• [EXERCISE DESCRIPTION]
Images are to be left out; everything else in the listing should be repeated exactly.

• [RECORDED DATA]
::::

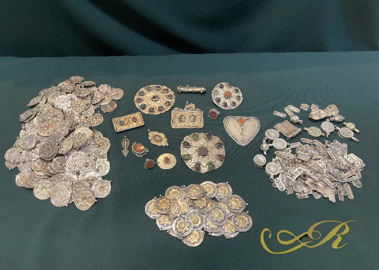 Фрагменты серебряных украшений с подвесами из старинных монисто, чулпы. ХIХ -ХХ в.
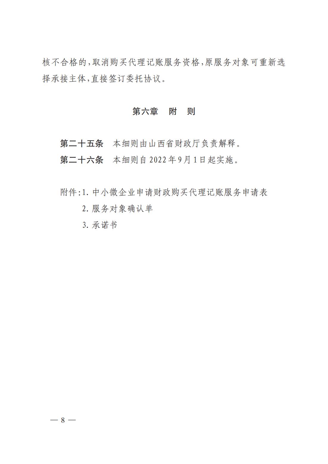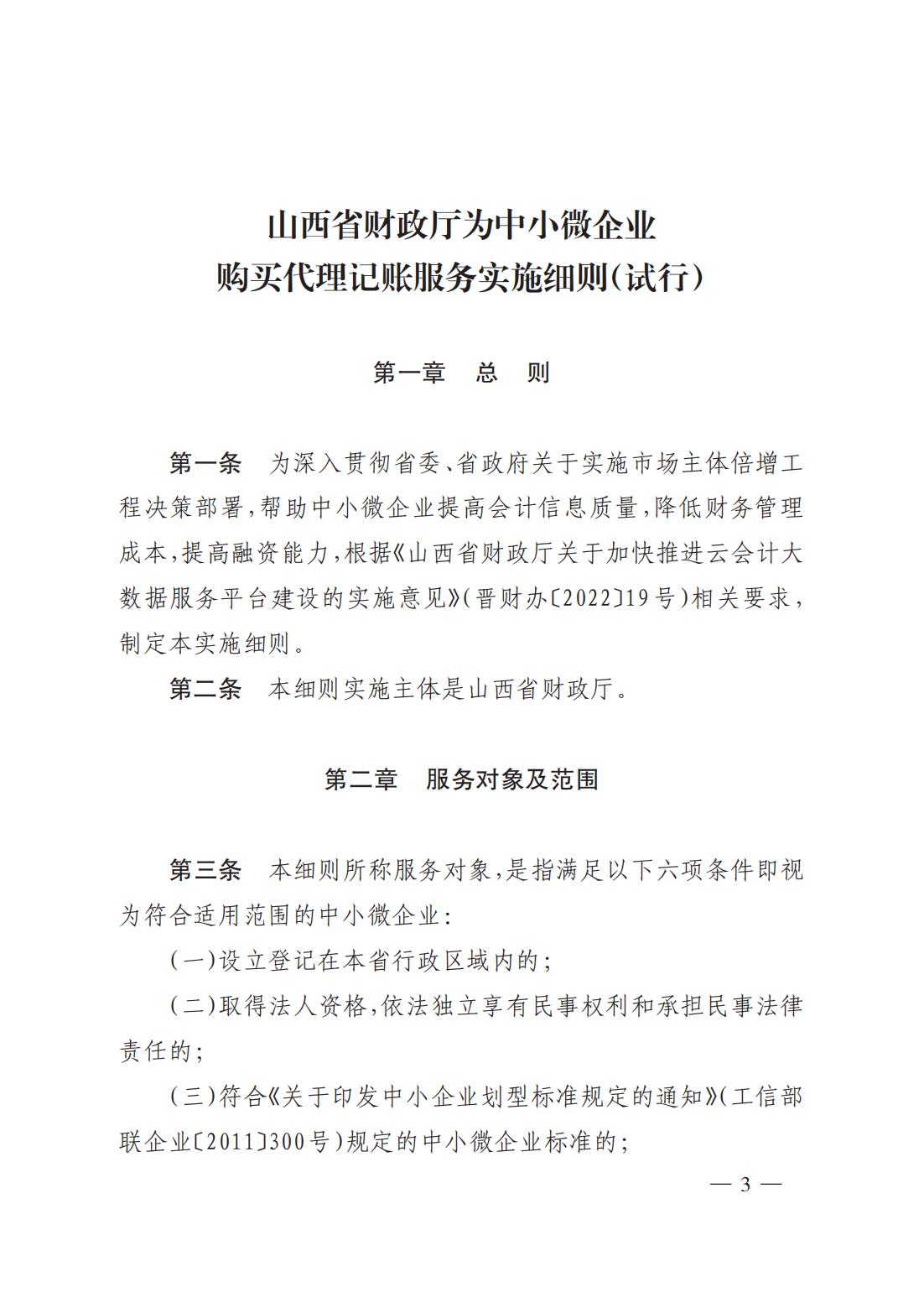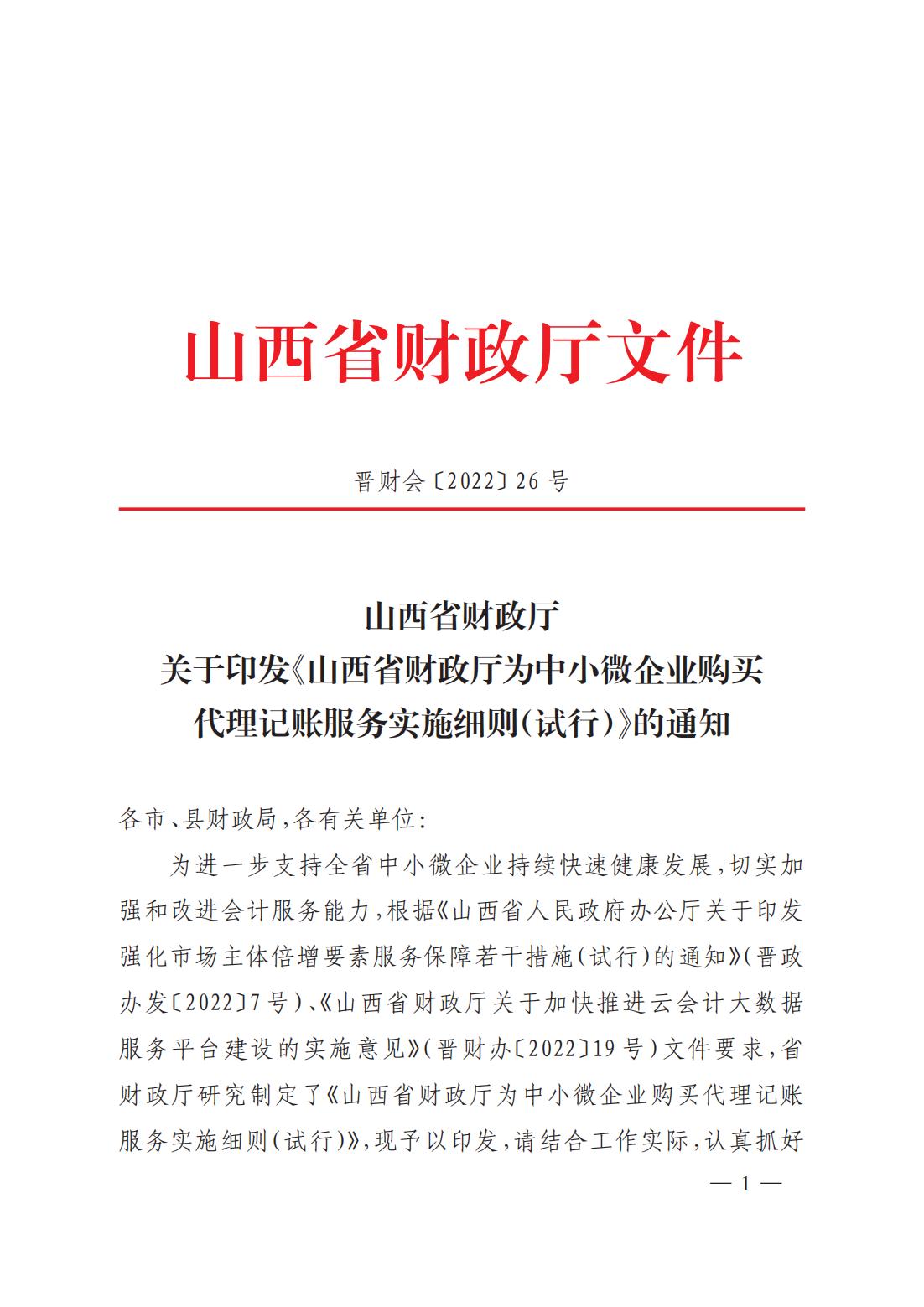 為進一步支持全省中小微企業(yè)持續(xù)快速健康發(fā)展,切實加強和改進會計服務(wù)能力,根據(jù)《山西省人民政府辦公廳關(guān)于印發(fā)強化市場主體倍增要素服務(wù)保障若干措施(試行)的通知》(晉政辦發(fā)〔2022〕7 號)、《山西省財政廳關(guān)于加快推進云會計大數(shù)據(jù)服務(wù)平臺建設(shè)的實施意見》(晉財辦〔2022〕19 號)文件要求,省財政廳研究制定了《山西省財政廳為中小微企業(yè)購買代理記賬服務(wù)實施細則(試行)》,現(xiàn)予以印發(fā),請結(jié)合工作實際,認真抓好貫徹落實。
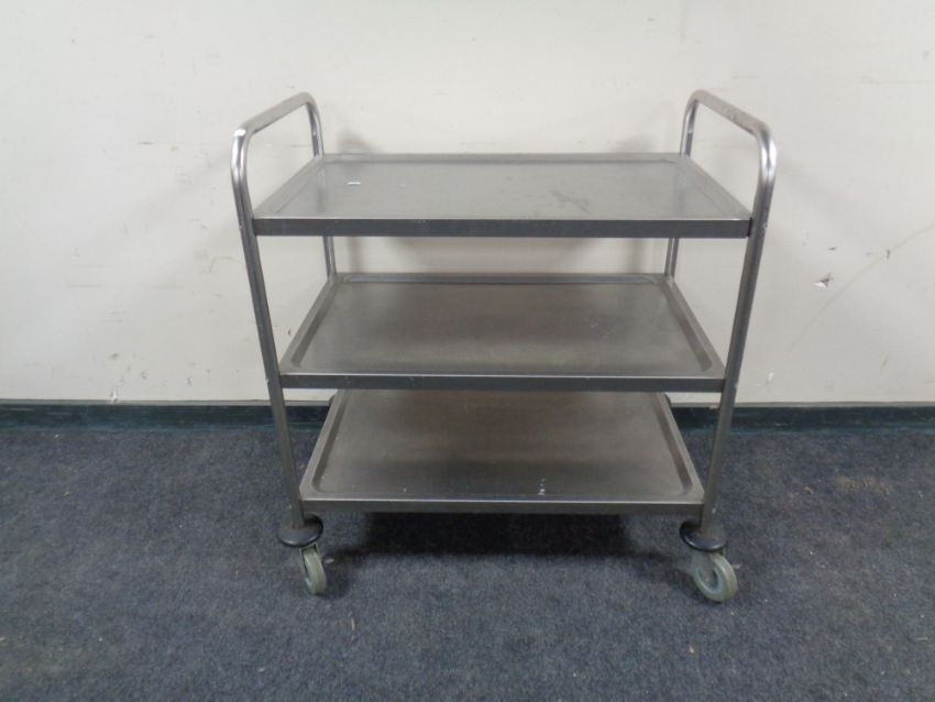A three tier stainless steel trolley.

::::

• [WRITTEN ANSWER]
 Фрагменты серебряных украшений с подвесами из старинных монисто, чулпы. ХIХ -ХХ в.
 為進一步支持全省中小微企業(yè)持續(xù)快速健康發(fā)展,切實加強和改進會計服務(wù)能力,根據(jù)《山西省人民政府辦公廳關(guān)于印發(fā)強化市場主體倍增要素服務(wù)保障若干措施(試行)的通知》(晉政辦發(fā)〔2022〕7 號)、《山西省財政廳關(guān)于加快推進云會計大數(shù)據(jù)服務(wù)平臺建設(shè)的實施意見》(晉財辦〔2022〕19 號)文件要求,省財政廳研究制定了《山西省財政廳為中小微企業(yè)購買代理記賬服務(wù)實施細則(試行)》,現(xiàn)予以印發(fā),請結(jié)合工作實際,認真抓好貫徹落實。
A three tier stainless steel trolley.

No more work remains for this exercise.